Enterprise software behemoth SAP is reportedly looking to flesh out its marketing line-up by tying up a deal for SeeWhy, a provider of real-time behavioural targeting tools.
The company says it is near to completing its latest purchase, which is subject to regulatory and other closing conditions.
SeeWhy is known for its cloud-based personalised marketing solutions, which enable businesses to forge one-to-one connections with their customers through email and ad delivery across desktop, mobile and social channels.
Analysts believe the acquisition is being made to boost the functionality of hybris, the fast-growing commerce platform snapped up by SAP in June of last year.
Switzerland-based hybris is the owner of an omni-channel product capable of operating in a plethora of environments, including mobile, in-store, web commerce and call centres.
The software helps companies navigate the tricky yet highly beneficial task of optimising their direct selling processes. With SeeWhy’s target marketing solutions expected to be on his side in the near future, hybris CEO Ariel Luedi has welcomed the move with open arms.
“SeeWhy’s solutions for automating personalised campaigns in real time are a natural fit with hybris and SAP and promise even higher returns for our customers’ investments in the hybris omni-commerce platform,” he commented.
Unfortunately for SAP, it is not the only company looking to make big strides with a major marketing platform.

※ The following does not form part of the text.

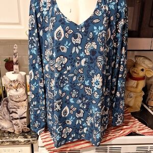 o Womens Jason Wu Floral Stretch Long Sleeve Plus Size Top 2X
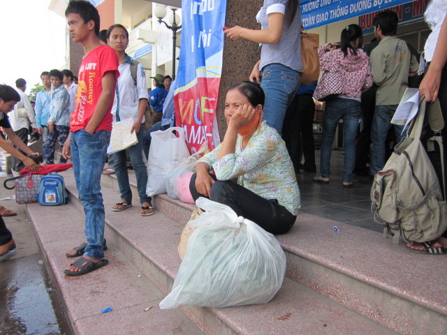 Mặt mũi tái mét, mệt phờ khi vừa xuống bến xe chị Nguyễn Thị Chăm (Hưng Yên) xua tay: “Nông dân chẳng mấy khi đi đường xe, cứ lên ô tô ngửi thấy mùi xăng là say, thấy chóng mặt, khó chịu lắm. Cũng may nhà ở ngay đây còn đi chứ không cũng khốn khổ vì tàu xe”. Dựa người vào một góc tường, hai mẹ con chị Chăm như lọt thỏm giữa hàng trăm gia đình sĩ tử giữa bến xe Giáp Báp.

Oracle, Salesforce and IBM have all invested heavily in this area by acquiring companies and programs they feel will help elevate their status in a highly lucrative market.
Oracle, for instance, has made its intentions clear by snapping up marketing automation solution Eloqua, cloud-based marketing program Responsys and data management platform BlueKai.
However, Gartner research analyst Andrew Frank says SAP’s purchase of SeeWhy suggests the company is looking to differentiate itself by focusing on the commerce side of behavioural marketing, rather than the “ad-tech” slant favoured by its competitors.